Week 73 | Managing AI Coding Agents

Last Week

Last week was about accepting the practical shape of the App Store review problem. Apple had rejected the iOS submission again over the short-duration access products, and after a direct call with App Review, the path forward became clearer: stop defending the non-renewing subscription interpretation and rebuild the one-, two-, and three-day passes as consumable in-app purchases.

That work still needs to happen. Android remains live on Google Play, iOS is still blocked by App Store review, and the short-pass conversion will touch RevenueCat, the paywall, the app code, the backend, and the database. But this week’s transcript stepped back from App Review and focused on a broader development process issue that affects how I build Shokken every day: AI coding agents are powerful, but they are not trustworthy by default.

The trick is not to trust them. The trick is to manage them.

Agents Are Employees, Not Oracles

I use AI coding agents constantly on Shokken. They help with implementation, refactoring, tests, documentation, and the general grind of moving a Kotlin Multiplatform product forward. I also do not trust them.

That sounds contradictory only if you think of an AI coding agent as a deterministic tool. A compiler is deterministic. A formatter is deterministic. A type checker is deterministic. Given the same input, you expect the same output, and if the tool says something is valid, you can usually build process around that assumption.

Coding agents do not behave like that in practice.

They are closer to employees. Sometimes very productive employees, but still employees. They have context gaps. They misunderstand instructions. They overgeneralize from patterns that are not actually relevant. They make judgment calls. They can produce good work one minute and questionable work the next. They can also become dangerously confident while doing the wrong thing.

That is why the usual question, “Can I trust AI to code for me?” is the wrong question.

The better question is: if I had a large team of imperfect developers writing code in the same product, what system would I need around them so their work becomes useful instead of chaotic?

That is the mental model I use.
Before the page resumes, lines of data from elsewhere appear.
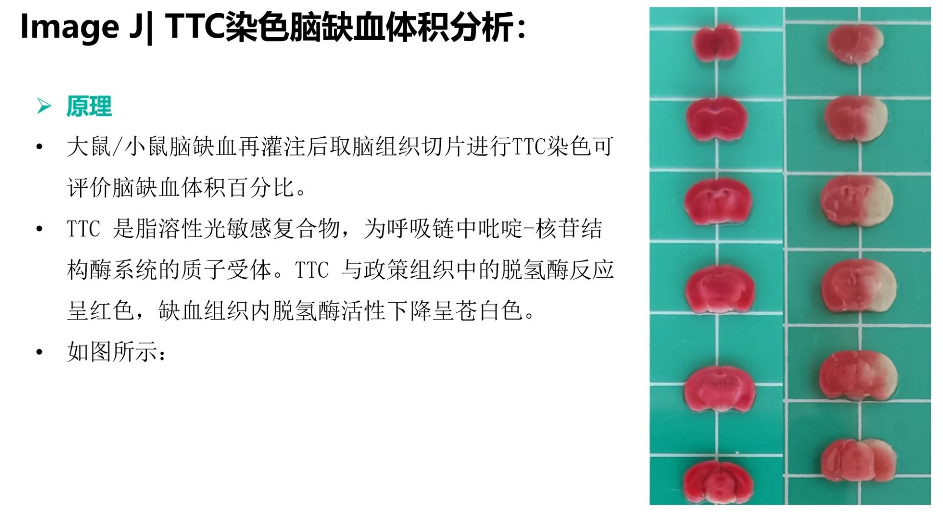 大家好!今天普拉特澤生物繼續跟大家一起學習新的實驗——TTC染色。TTC染色原理是基于TTC(2,3,5—氯化三苯基四氮唑)與活細胞線粒體內的琥珀酸脫氫酶之間的特異性化學反應
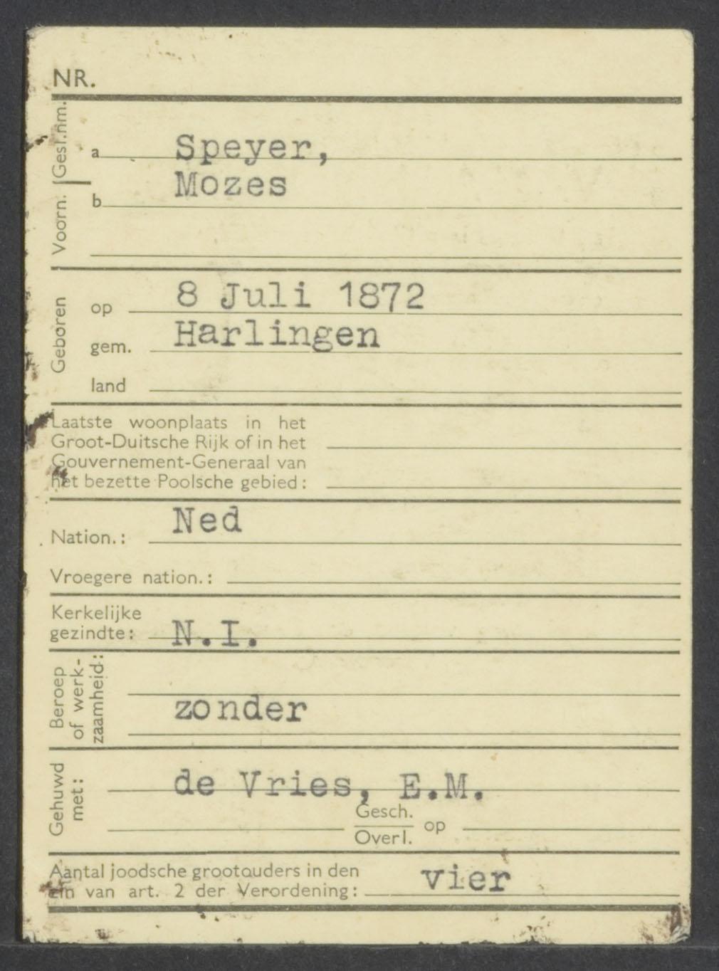 Aanmeldingsbewijs voor 'personen van geheel of gedeeltelijk joodschen bloede', op naam van Mozes Speijer, 1941, uit de verzameling poststukken van dr. E.Speijer
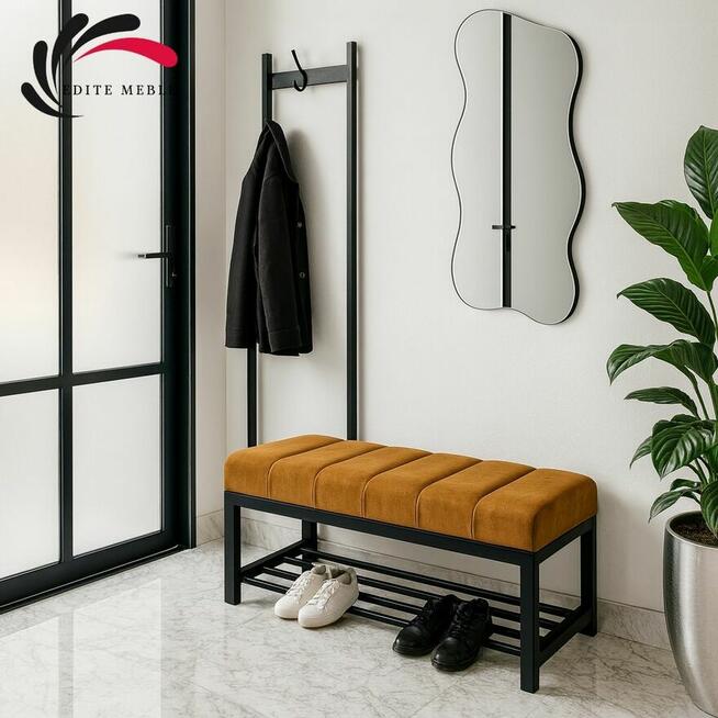 Ławka tapicerowana LGS-7 w eleganckim odcieniu popiel z tkaniną premium (Paradis 10) to funkcjonalny akcent do przedpokoju, ...
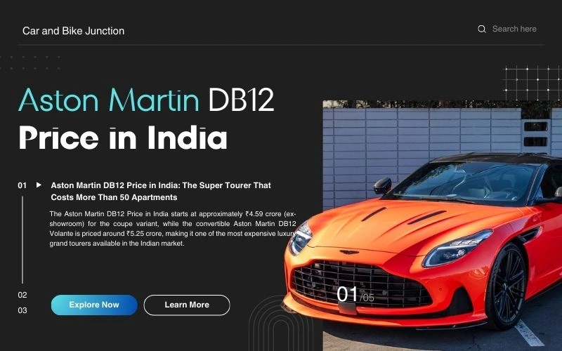 A: The Aston Martin DB12 Price in India starts at ₹4.59 crore (ex-showroom) for the coupe and ₹5.25 crore for the Volante convertible. On-road prices can reach ₹5.15-5.90 crore depending on your state and customization choices.
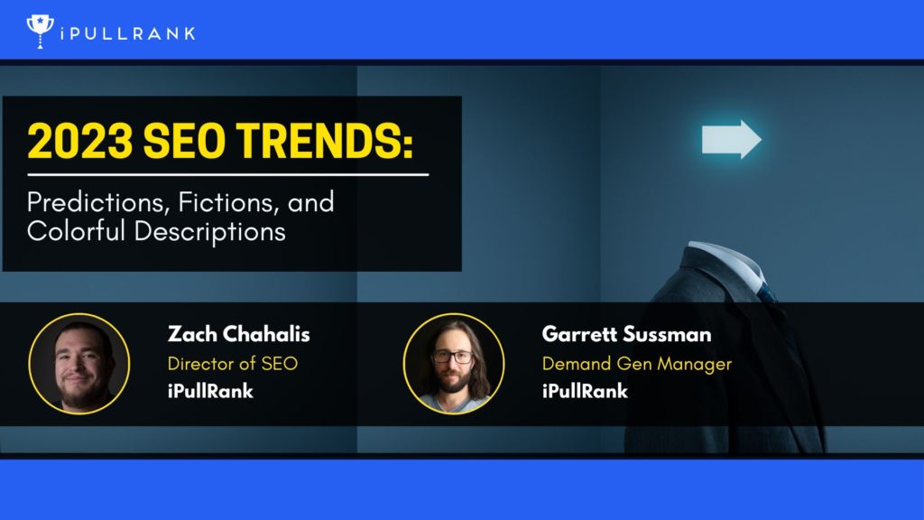 In this webinar, Garrett Sussman and Zach Chahalis review 2022 trends in the SEO industry, including Contextual SEO, eCommerce SERP changes, Entity SEO, SEO in a recession and the boring SEO fundamentals. They also explored 2023 predictions from the SEO community.

Every new agent session is a new hire with no lived memory of the project. It may read the repo, infer patterns, and follow instructions, but it does not have the institutional context of someone who has been living inside the codebase for months. So I need onboarding material, objective checks, and review loops.

Those are the same things a normal engineering organization needs.

What does it mean in English?

AI coding agents can write useful code, but they should not be treated like magic.

If you ask an agent to build something and then merge whatever it produces, you are depending on a system that can misunderstand the task, ignore a rule, use the wrong library, skip a test, or accidentally leak something sensitive. That is not a reason to avoid the tool. It is a reason to wrap the tool in process.

The process is familiar: give clear instructions, run tests the agent cannot quietly bypass, and review the code with fresh eyes before it lands.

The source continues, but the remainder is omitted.